Pop would let him buy the place with the money he had now, and he could pay the rest out later. But that wasn’t what he wanted to do. The bounty business had finally gone sour, and he wanted to do different. It wasn’t any goddamn fun anymore. Just met the dick cheese of the earth. And when you ran the sonofabitches to ground and put the cuffs on them, you had to watch your ass ‘til you got them turned in. Had to sleep with one eye open and a hand on your gun. It wasn’t any way to live.

And he wanted a chance to do right by Pop. Pop had been like a father to him. When he was a kid and his mama was screwing the Mexicans across the border for the rent money, Pop would let him hang out in the yard and climb on the rusted cars and watch him fix the better ones, tune those babies so fine they purred like dick-whipped women.

When he was older, Pop would haul him to Galveston for the whores and out to the beach to take potshots at all the ugly, fucked-up critters swimming around in the Gulf. Sometimes he’d take him to Oklahoma for the Dead Roundup. It sure seemed to do the old fart good to whack those dead fuckers with a tire iron, smash their diseased brains so they’d lay down for good. And it was a challenge. ‘Cause if one of those dead buddies bit you, you could put your head between your legs and kiss your rosy ass goodbye.

Wayne pulled out of his thoughts of Pop and the wrecking yard and turned on the stereo system. One of his favorite country-and-western tunes whispered at him. It was Billy Conteegas singing, and Wayne hummed along with the music as he drove into the welcome, if mostly ineffectual, shadows provided by the Cadillacs.

“My baby left me,

She left me for a cow,

But I don’t give a flying fuck,

She’s gone radioactive now,

Yeah, my baby left me,

Left me for a six-tittied cow.”

Just when Conteegas was getting to the good part, doing the trilling sound in his throat he was famous for, Calhoun opened his eyes and spoke up.

“Ain’t it bad enough I got to put up with the fucking heat and your fucking humming without having to listen to that shit? Ain’t you got no Hank Williams stuff, or maybe some of that nigger music they used to make? You know, where the coons harmonize and one of’em sings like his nuts are cut off.”

“You just don’t know good music when you hear it, Calhoun.”

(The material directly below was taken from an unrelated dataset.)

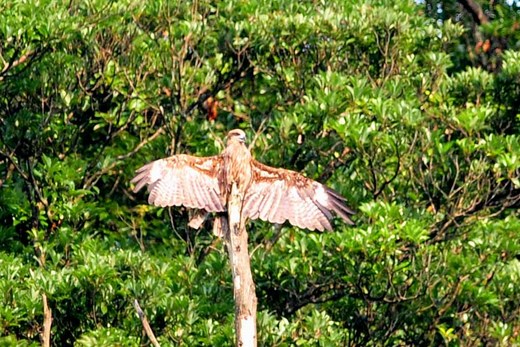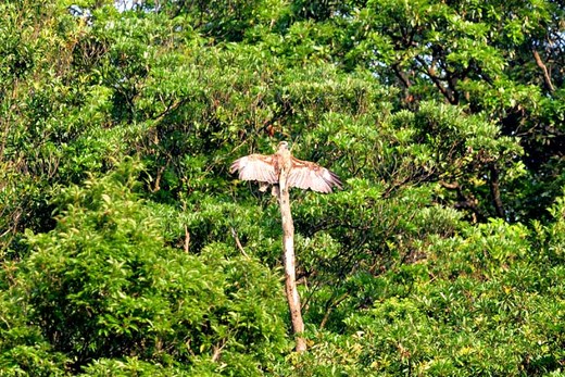 台灣老一輩民眾,對老鷹或黑鳶的這種猛禽的稱呼為「厲葉」,(台語發音)。了解台語的人,大多能心領和意會這個名號所牽引的意涵。相較下,比抓小雞還神。 身居山林的老鷹黑鳶,每日可能因為生活環境的露水,甚至於地形微氣候大小雨滴的影響,致使身體各部羽毛受潮。因此,上午會有「厲葉展翅」的日光浴時段。 老鷹是一種飛行技巧相當不錯的猛禽,看過兩隻老鷹間的「死亡墬落」般的對抓,那近M字型的雙翅,及短而靈活的尾羽,對照展翅時的自雄,一點也不意外。

Calhoun moved his free hand to his hatband, found one of his few remaining cigarettes and a match there. He struck the match on his knee, lit the smoke and coughed a few rounds. Wayne couldn’t imagine how Calhoun could smoke in all this heat.

“Well, I may not know good music when I hear it, capon, but I damn sure know bad music when I hear it. And that’s some bad music.”

“You ain’t got any kind of culture, Calhoun. You been too busy raping kids.”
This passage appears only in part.